The Department of Posts, which is part of the Ministry of Communication, has been providing banking and remittance services to Indian citizens through the network of post offices set up across the country. The post office saving schemes are one of the most sought-after services among the banking and remittance services offered by these post offices.
One such popular savings scheme offered by the Department of Post is the Post Office Monthly Income Scheme Account (MIS). Under the Post Office Monthly Income Scheme, a person can earn a fixed income every month by investing a certain amount under the said scheme.
In this article, we shall be discussing following details about Post Office MIS-
As stated above, the “Post Office Monthly Income Scheme” is one of the hosts of banking and remittance products offered by the Department of Post. Since all these saving schemes are backed by the government of India, the risk profile of these schemes is very low and is totally suitable for senior citizens or investors with low risk appetite who are looking to earn a steady income on a monthly basis without taking any risk.
Features of the Scheme
Who can invest in the scheme:
Any resident adult can open the post office MIS account individually or jointly with another resident adult. An adult can also open an account in the capacity of guardian of a minor who has reached the age of 10 years or more.

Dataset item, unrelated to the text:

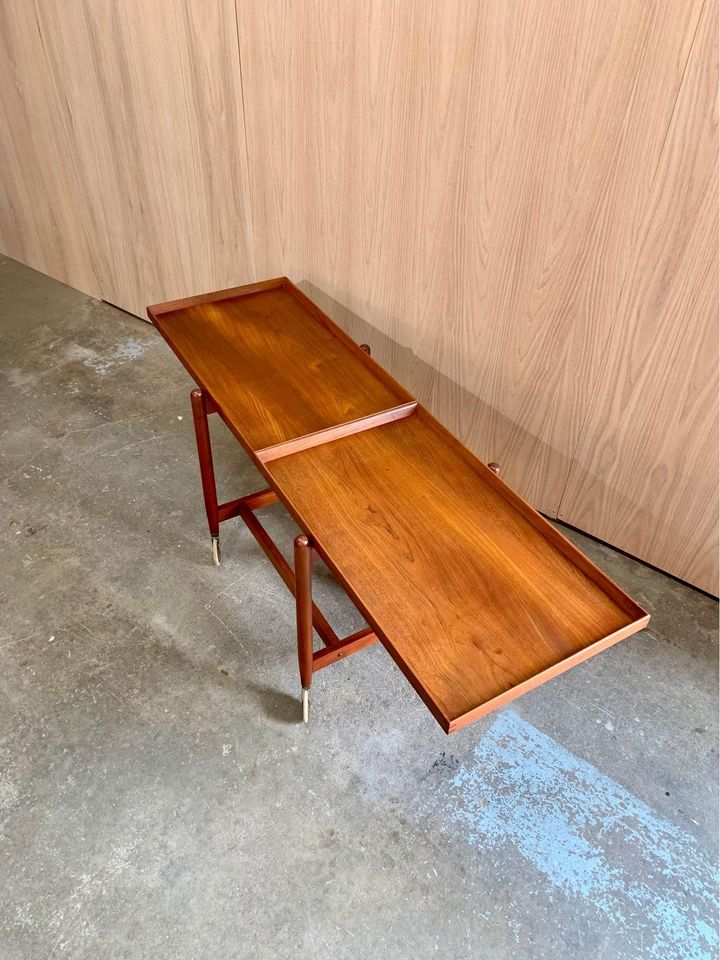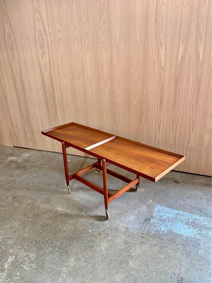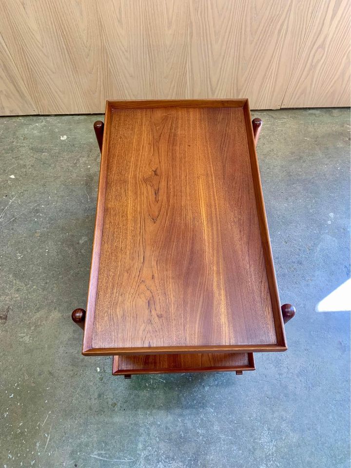 We are thrilled to present a stunning Danish teak serving cart designed by Poul Hundevad in the 1960s. This piece boasts an innovative design that allows the lower tier to be removed and placed on the top tier, creating a larger surface. With high-quality construction, freshly restored by our team, it is in excellent condition.

No NRIs can invest in the scheme.
Minimum Investment: Account can be opened with minimum investment of Rs.1000 only.
Maximum Investment: A maximum investment of Rs.4.50 lacs can be made in single account and Rs.9.00 lacs in a joint account, under the scheme.
If a resident adult is investing in a scheme as a guardian of a minor, then limit of Rs. 4.50 lacs shall be considered separately.
Tenure: The lock-in period for the scheme is 5 years. The invested amount can be withdrawn or re-invested at the end of 5 years.
Interest Rate: For the quarter ending 31 March 2022, the interest rate is 6.6% per annum, payable monthly.
Tax Benefits: The scheme is not covered under Section 80C or any other section of chapter VI of the Income tax act. Interest income shall be taxable in the hand of depositor.
Multiple account ownership: A person can open more than one account in his/her name. But the total deposit amount under the scheme cannot exceed Rs.4.5 lacs in all of them together.
Pre-mature closure of account:
|Time for pre-closure of POMIS||Result of Premature Withdrawal|
|Within one year of investing in Scheme||Not allowed|
|Between 1 to 3 years from the date of investing||Entire principal amount shall be refunded after deducting 2% penalty from the principal.|
|Between 3 to 5 years from the date of investing||Entire principal amount shall be refunded after deducting 1% penalty from the principal.|
Death of Depositor: In case the depositor dies before the maturity, the account may be closed and amount will be refunded to nominee/legal heirs.
Whether you should invest in the scheme?
Just like any other financial product in the market, there are both pros and cons associated with the scheme. If you are looking for a scheme that offers an attractive rate of return with minimal risk, then you can invest in the scheme. However, if you are also looking for an investment option that offers tax benefits, the scheme is not for you.